ASSIGNMENT: Retype the records below from their first line through the line holding "Figure 3: Biodynamic", including both ends and no pictures.

Data items:
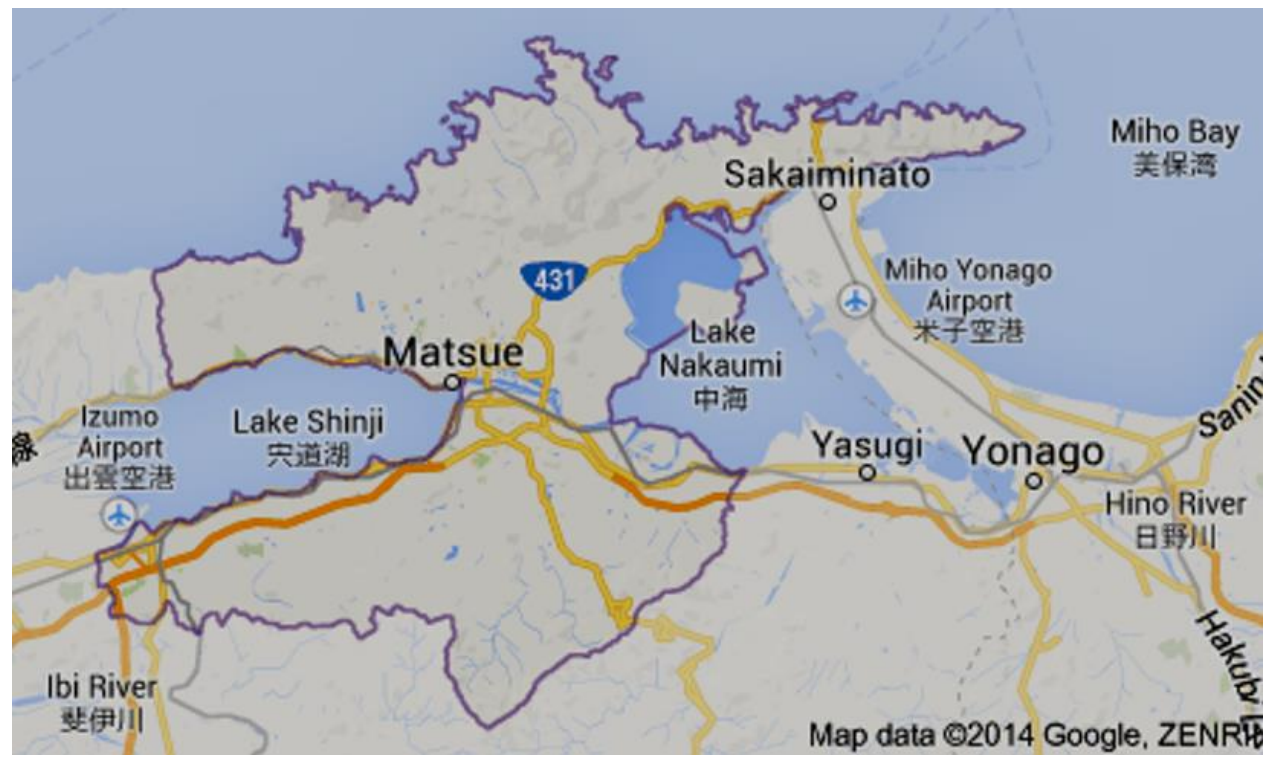
Map of Lake Shinji, Lake Nakaumi, Miho Bay, and Sea of Japan

Fortunately, both the countries of Japan and the United States realize the values of their rivers and are working hard to protect these unique areas. Although Japanese have great respect for their rivers, the dense human population in Japan requires dams on the rivers for municipal water and also for hydropower. One of the organizations in the United States that has interests in all rivers of the world is appropriately named Rivers of the World Foundation and has professional volunteers working in many countries to improve and protect our valuable river resources (http://www.rowfoundation.org/).
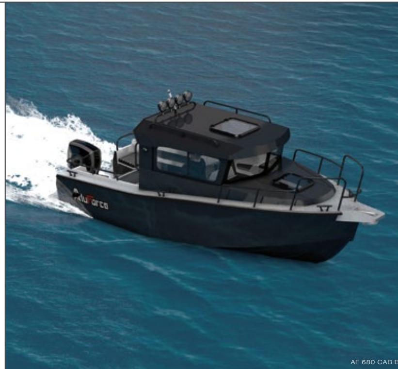
AF 680 CAB B
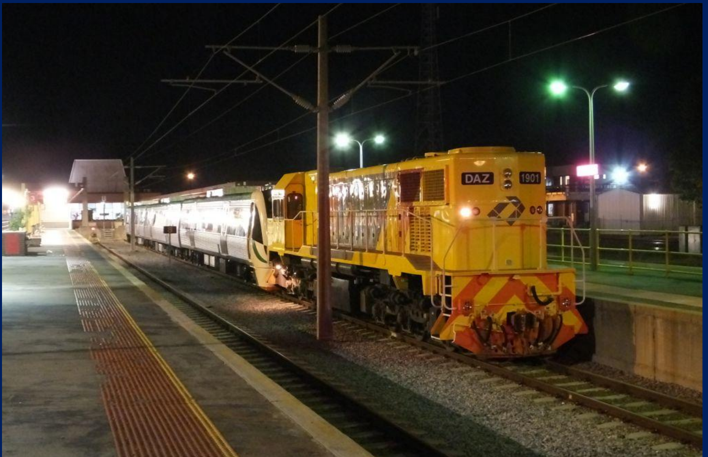
DAZ1901 having just propelled EMU set 116 into platform 2 at Midland Station to await collection by EMU to haul it to Nowergup late at night on June 17th.
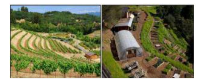
Figure 3: Biodynamic farming in Gujarat, India's BhaikakaKrishi Kendra

a long time to increase soil health, with "dynamic" practices, which incorporate the impact of cosmic energies to infuse the farm, its inhabitants, and its products with vitality (Sharma, 2012). Cow manure, silica, & extracts of various plant parts, such as yarrow flowers, chamomile flowers, oak bark, stinging nettle shoots, and so on., were reported as the main ingredients in some biodynamic preparations by Reeve et al. (2011). These ingredients are either useful through field spray or composting.
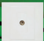
D2071 1 GANG TV OUTLET
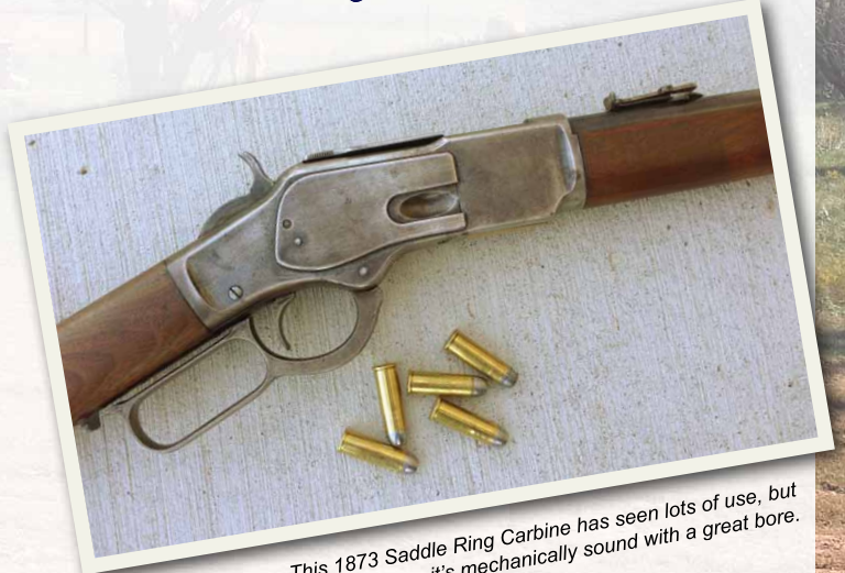
This 1873 Saddle Ring Carbine has seen lots of use, but it's mechanically sound with a great bore.

Larry Potterfield The Nail Ranch Albany, Texas 6 November 2002
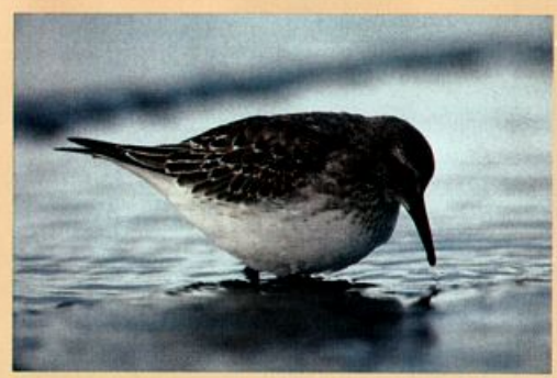
At least three very late White-rumped Sandpipers stayed to December 16, 1989, at St. John's, Newfoundland. This individual, photographed December 3, still had many of its pale-edged juvenal coverts and scapulars, and so was easily identified as a first-winter bird.
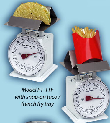
Model PT-1TF with snap-on taco / french fry tray

Dial Size: 6" / 15 cm diameter Platform Size: 7.875"W x 5.875"D / 20 cm W x 15 cm D stainless steel Overall Size: 5.25"W x 7.25"D x 7.5"H / 13 cm W x 18 cm D x 19 cm H Shipping Weight: 6 lb / 2.3 kg
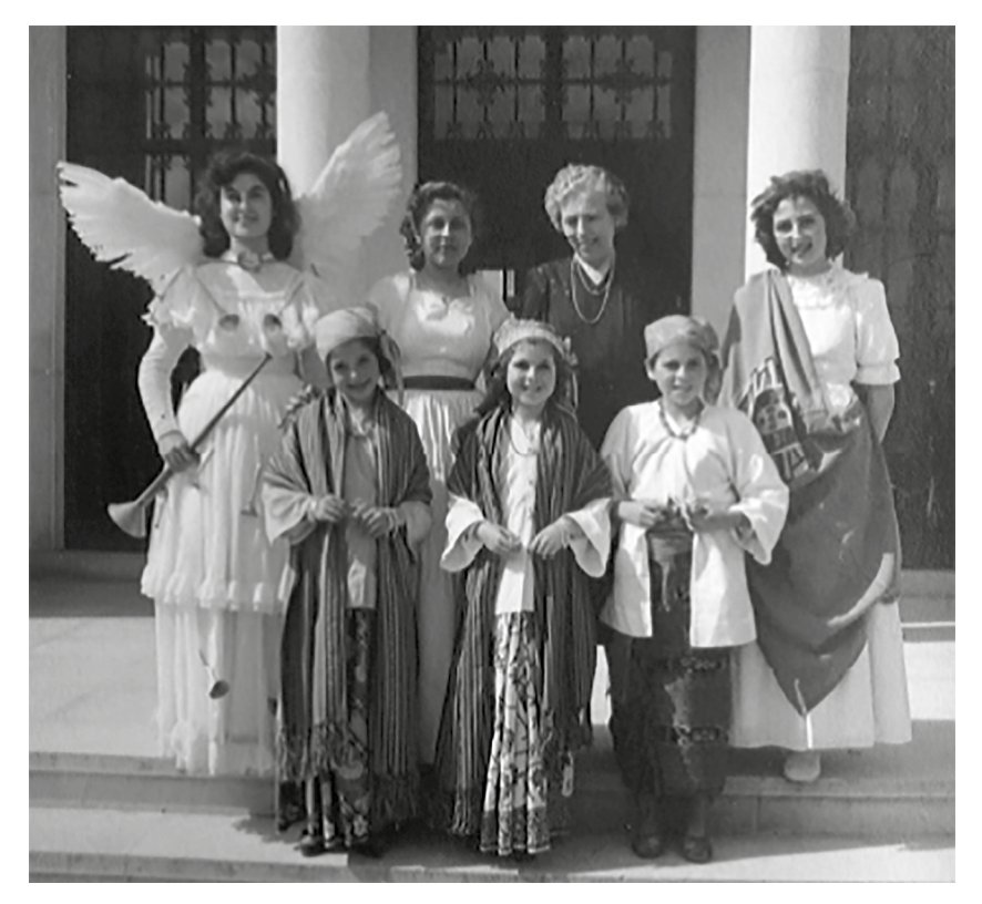
Fig. 2. Virgínia Gersão and some of the protagonists of her play "Anjos de Portugal" (10 May 1952) (Source: Pedro, 2010: 166).

She left for posterity an interesting set of works, namely children's plays, which had a great impact not only in this high school but also in the city of Coimbra itself. Many of these plays were set to music by her distinguished friend Tomás de Borba (1867-1950) and were performed at school parties in Coimbra and in other cities under the direction of Virgínia Gersão herself. These are moments that still last in the memory of the former students due to their magnitude, as they usually involved numerous characters from different age groups who were perfectly well-dressed, with every detail being carefully considered and executed (fig. 2).
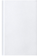
MOW: Matte Opaque White
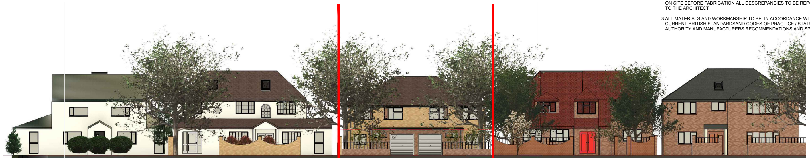
231 Existing Streetscene

3 ALL MATERIALS AND WORKMANSHIP TO BE IN ACCORDANCE WITH ALL CURRENT BRITISH STANDARDS AND CODES OF PRACTICE / STATUTORY AUTHORITY AND MANUFACTURERS RECOMMENDATIONS AND SPECIFICATIONS
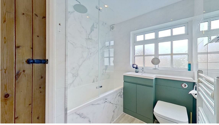
BATHROOM 2.44m x 1.85m (8' x 6'1")

Newly fitted (2024) suite in white with chrome style fittings comprising: bath with mixer tap; vanity unit with wash hand basin, mixer tap, and storage cupboard beneath; and low level WC with concealed cistern. Wet boarding to bath and shower area, tiled walls, ladder style towel radiator, vinyl wood effect strip flooring, recessed LED ceiling spotlights, illuminated wall mirror, extractor, built-in airing cupboard housing the pressurised hot water cylinder and immersion heater with slatted shelving, and UPVC double glazed window with obscured glass.
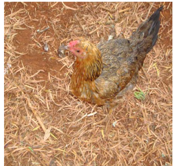
Fig. 2. Seden Sodo males (Left) and females (Right) indigenous chicken
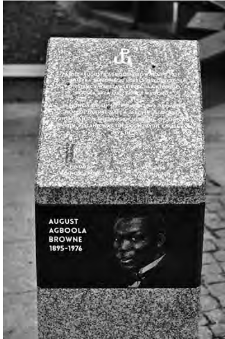
Figure 5.4 The commemorative monolith of August Agboola Browne at the intersection of Stefan 'Wiech' Wiechecki Passage and Chmielna Street, Warsaw.
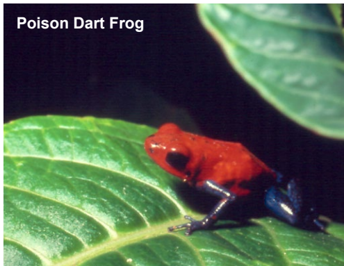
Poison Dart Frog
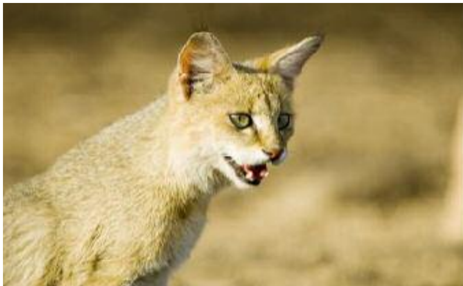
Indian Wild Cat At Ranthambhore
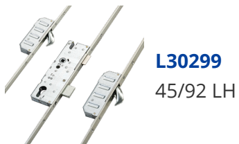
L30299 45/92 LH
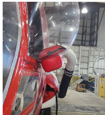
Boeing Vertol CH-47 Logger Window Plug
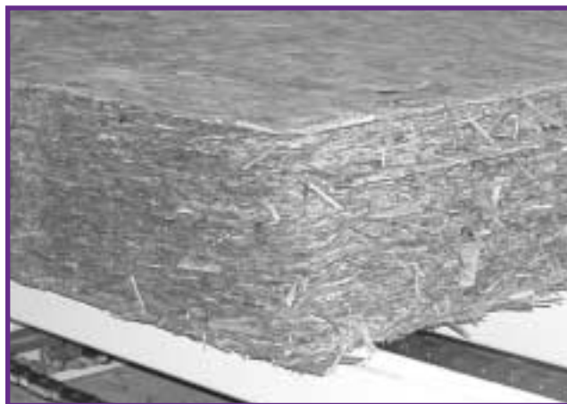
Oriented strandboard mat ready for pressing

The other major arsenical preservative, ammoniacal copper arsenate (ACA), was standardized in 1950. Known under the trade name Chemonite™, it was modified by replacing some of the arsenic with zinc in the 1980s; this formulation is known as ACZA. Because ACA and ACZA are alkaline and imbue the wood with vivid color, they have generally been used for industrial products and are used to treat refractory western conifers.
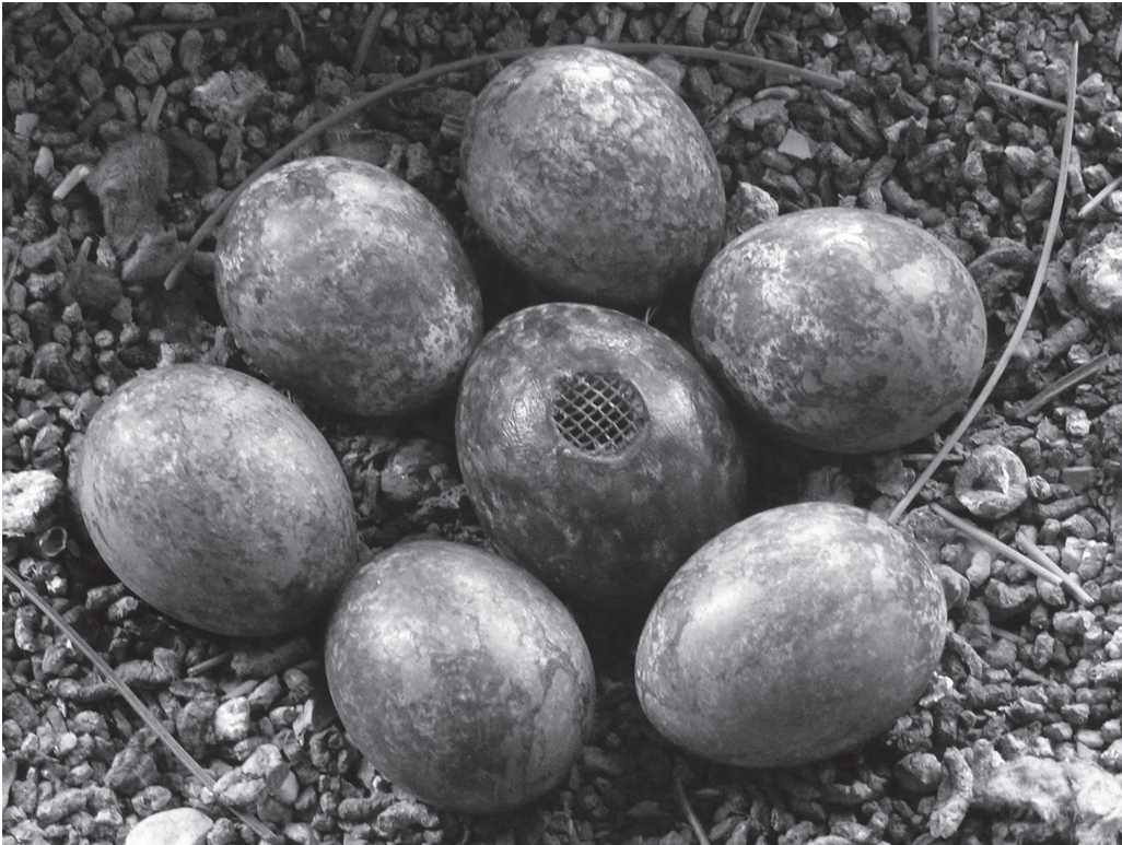
Fig. 2: An artificial egg prepared with a blood-sucking bug placed in the middle of a complete Kestrel clutch (6 eggs) in a building cavity in Vienna, Austria.

-20°C. We also sampled 154 Kestrel chicks by puncturing the brachial vein ("conventional method"). Although the bugs add the protein dipetalogastin as an anticoagulant (LANGE et al. 1999), we stored all samples in EDTA-coated tubes to be able to use the same DNA extraction protocol.
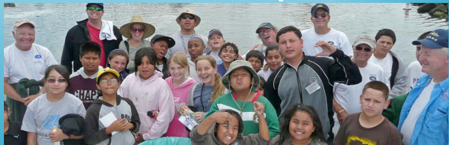
Happy gang on the Southern Cal.
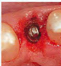
FIGURE 6 Minimally invasive bone grafting was achieved by making a pouch at the buccal aspect of the site.
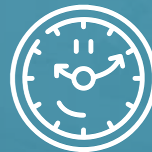
Flexible work arrangements
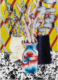
Laura Thiong-Toye, Waiting for summer , 2020 Acrylic and ink on paper, framed 56 x 75 cm (framed: 61.5 x 81.5 x cm)
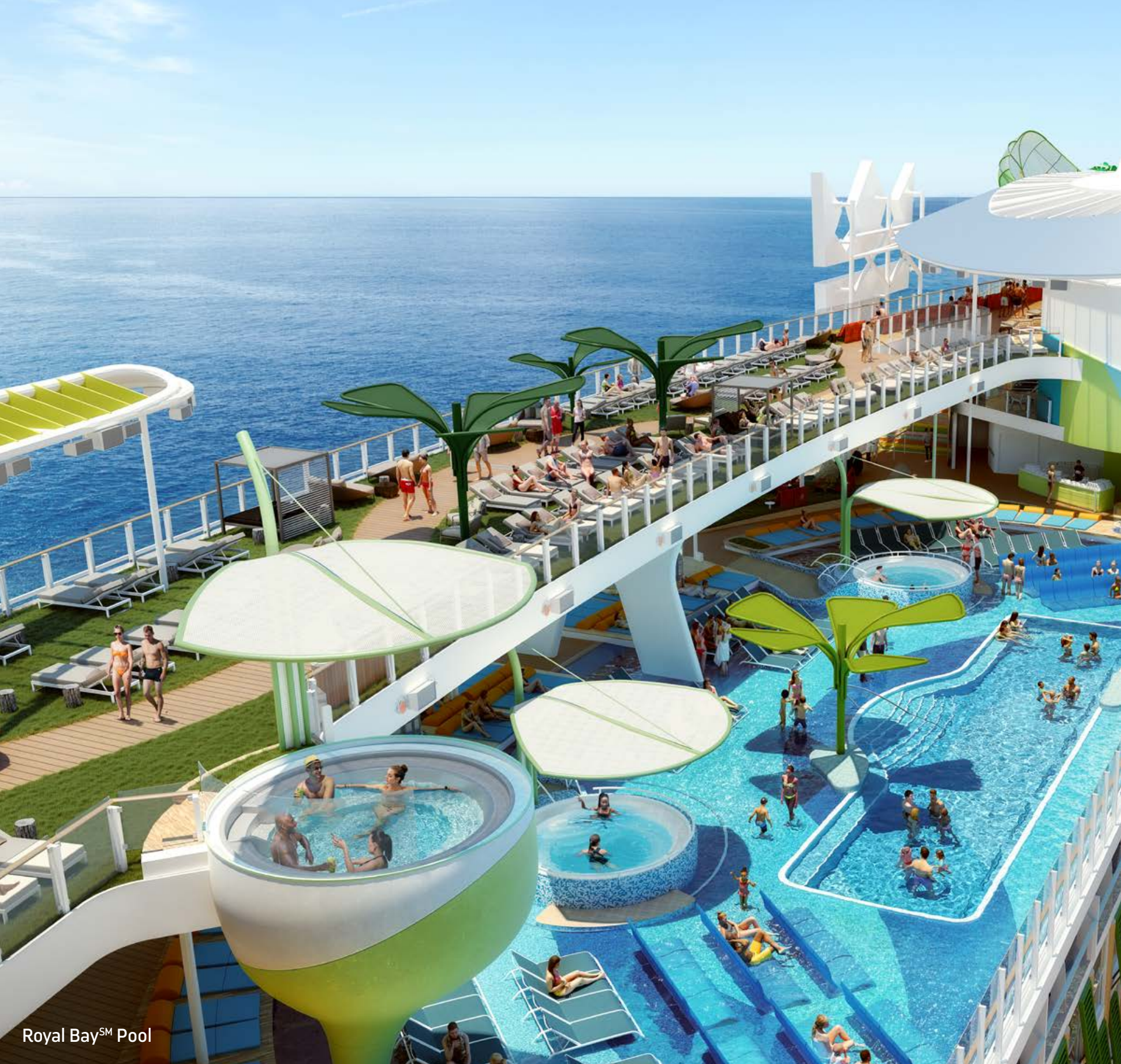
Royal Bay SM Pool

RESULT FOR THIS EXERCISE:
Map of Lake Shinji, Lake Nakaumi, Miho Bay, and Sea of Japan

Fortunately, both the countries of Japan and the United States realize the values of their rivers and are working hard to protect these unique areas. Although Japanese have great respect for their rivers, the dense human population in Japan requires dams on the rivers for municipal water and also for hydropower. One of the organizations in the United States that has interests in all rivers of the world is appropriately named Rivers of the World Foundation and has professional volunteers working in many countries to improve and protect our valuable river resources (http://www.rowfoundation.org/).
AF 680 CAB B
DAZ1901 having just propelled EMU set 116 into platform 2 at Midland Station to await collection by EMU to haul it to Nowergup late at night on June 17th.
Figure 3: Biodynamic farming in Gujarat, India's BhaikakaKrishi Kendra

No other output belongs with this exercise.